'A bit of bread and cheese': what people eat in revolutionary times

Citació

  • Arribas S. 'A bit of bread and cheese': what people eat in revolutionary times. Studia Neophilologica. 2020;92(2):238-55. DOI: 10.1080/00393274.2020.1751699

Enllaç permanent

Descripció

  • Resum

    I analyse Kropotkin’s The Conquest of Bread, focusing on the symbol of ‘bread’. This allows me to offer a reading of it that is different from the way in which it is usually read – as a revolutionary programme anchored in the belief in scientific progress. In my view, we should rather take it as literature, the fruit of Kropotkin’s imagination.
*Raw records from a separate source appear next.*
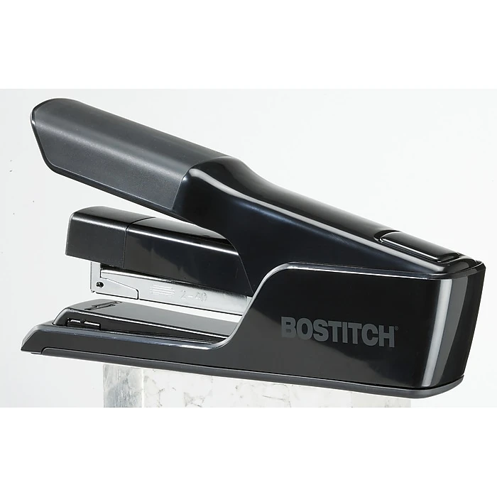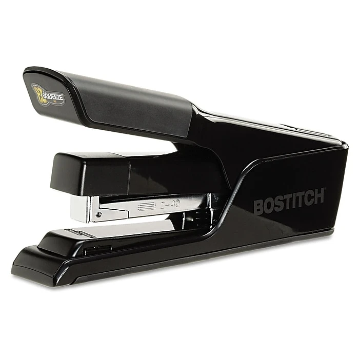 The Bostitch EZ Squeeze staplers are here! The EZ Squeeze 40 staples 2 to 40 sheets of paper with 50% less force. It has the B8 technology and uses EZ Squeeze Premium Staples. The B850 was designed to be quiet, therefore it’s a great stapler to use in open office environments. The Flat clinch allows you to have more space, because the paper stacks are flatter. The non-skid base also helps with stapling as it allows for better stability and desktop protection. This model with stand vertically or horizontally for ultimate convenience.
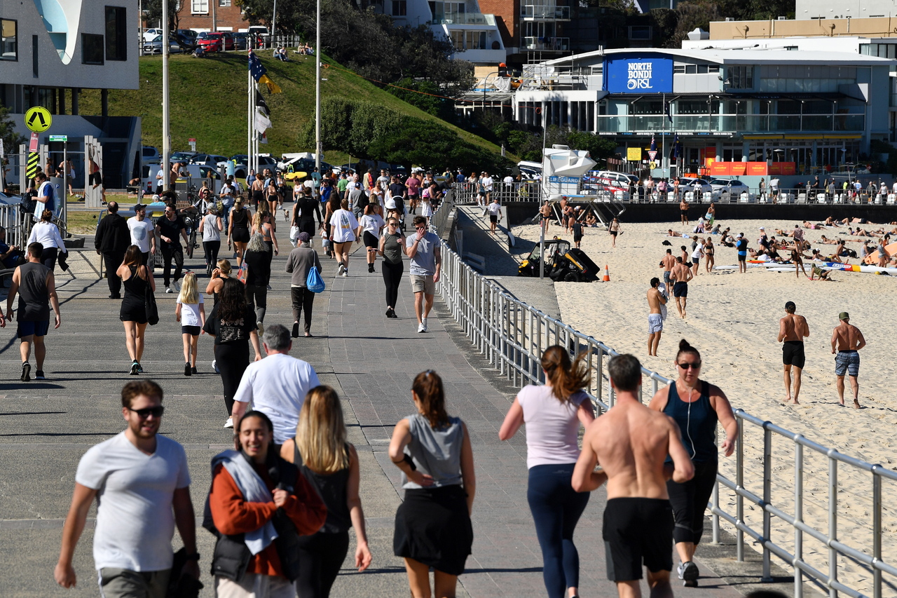 People walk at Bondi Beach in Sydney on Aug 11, 2021.
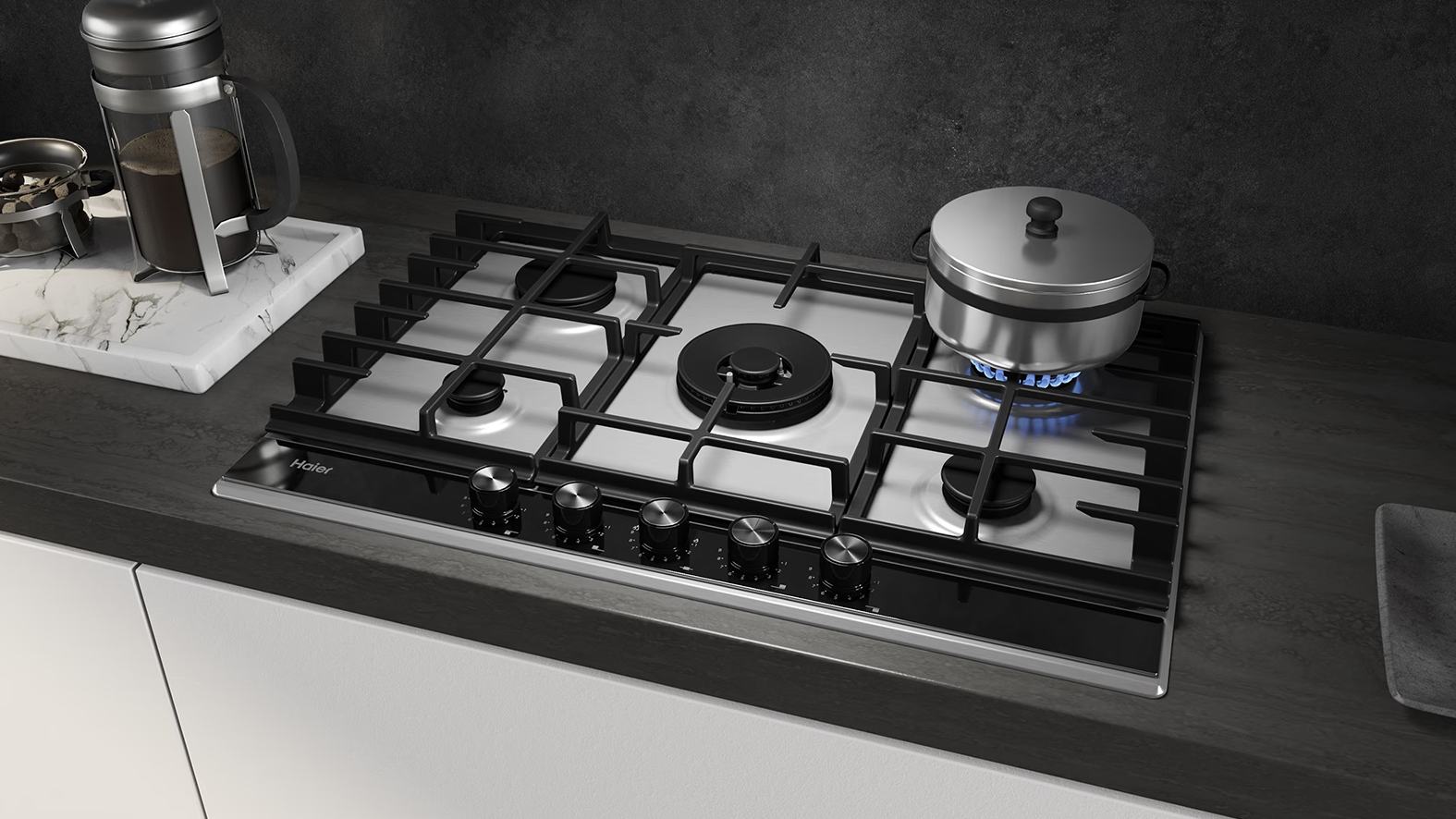 Kovová plynová varná doska Haier Series 4 využíva kombináciu liatinovej varnej dosky a kovového povrchu, čím prináša minimalistický a elegantný vzhľad do vašej kuchyne.
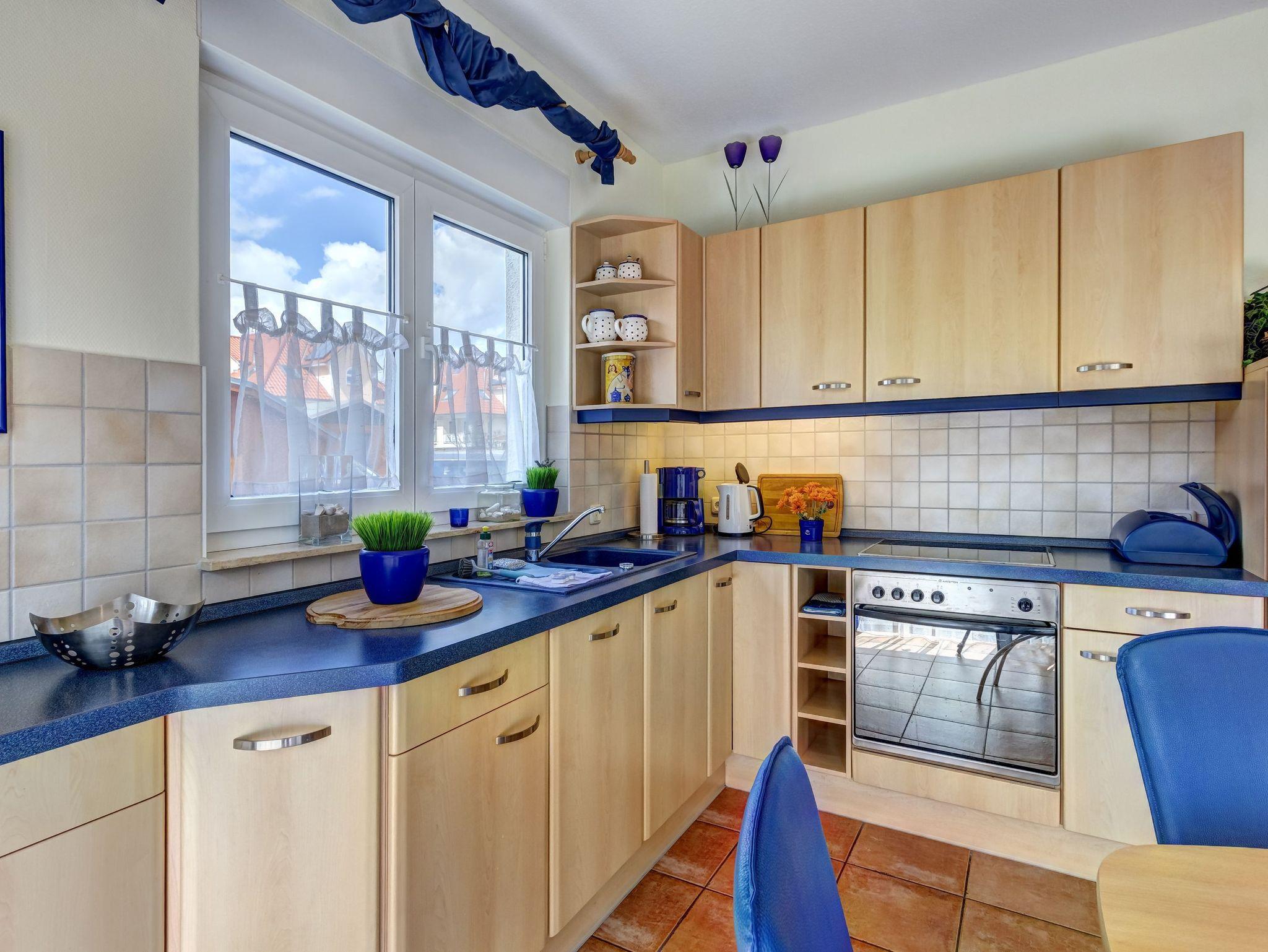 Die Küche ist mit allem Notwendigen ausgestattet: Kaffeemaschine, Wasserkocher, Toaster, Kühlschrank, Herd mit Cerankochfeld und vielem mehr.
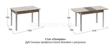 Стол обеденный раскладной на металлических ножках Палермо Цвет Дуб Сонома трюфель/Стекло бежевое с рисунком Размеры (Д×Ш×В): 1100(1415)×700×750h Стол «Палермо» сделает вашу кухню красивой, стильной и удобной. Идеально подчеркнёт любое дизайнерское решение. ХАРАКТЕРИСТИКИ МЕБЕЛИ: Столешница: ЛДСП 16 мм «Дуб Сонома трюфель/стекло бежевое с рисунком», вставка ЛДСП 22 мм «Дуб Сонома Трюфель»; Опора/Ножки: металлические, покрытие «хром»; Обработка торцов: Кромка ПВХ; Фурнитура: Направляющие синхронного раздвижения, механизм вставки - «Бабочка»; Габаритные размеры: 1100(1415)х700х750 мм; ОСНОВНЫЕ ПРЕИМУЩЕСТВА МОДЕЛИ: Стол «Палермо» отвечает последним модным тенденциям и идеально подходит для оформления любого интерьера. Металлические ножки добавляют надежности нашей новинке. Благодаря им стол имеет небольшой вес, что упрощает его транспортировку. Кроме того, они устойчивы к механическим повреждениям. Ножки не деформируются даже при сильных ударах, не навредят им нагревание и влажность. Дополнительное покрытие ножек хромом не только придаст благородный блеск новинке, но и защитит ее от коррозии. Столешница новинки выполнена из ЛДСП и покрыта сверху закаленным стеклом. Благодаря этому стол не смотрится громоздко, стильно выглядит. Стекло придает изделию дополнительную воздушность, визуально увеличивает пространство. Также, благодаря стеклянному покрытию, стол «Палермо» не будет бояться влаги и останется устойчивым к механическим повреждениям. Вам не придется покупать скатерть и бояться, что стол испортится, поцарапается или на него попадет влага. Новинка имеет классическую прямоугольную форму. Он может стоять как в центре комнаты, так и у стены или даже в углу. А благодаря скругленным углам, он будет безопасен во время эксплуатации. Ещё одним плюсом стола «Палермо» является возможность раскладывания. Это позволит сэкономить пространство, а в случае визита гостей стол легко расширит свою поверхность. Если вы хотите испытывать на своей кухне чувство легкости, све

I explain how ‘bread’ serves different functions: it is a rhetorical device; it is a link between the natural and the social; it serves as a representation of materiality as opposed to mere ideas; it conveys the satisfaction of needs; it represents the specific form of anarchism defended by Kropotkin; it serves him to argue against the political economy of his time; and it functions as the foundation of ethics. I also read the book backwards, starting from its last sentences, where Kropotkin denies that he is writing fiction. I take this as a Freudian negation, and argue that the book can only be read today as literature. Kropotkin himself acknowledges in several places that his own writing is being led not so much by the scientific method that he advocates, but by the free powers of the imagination.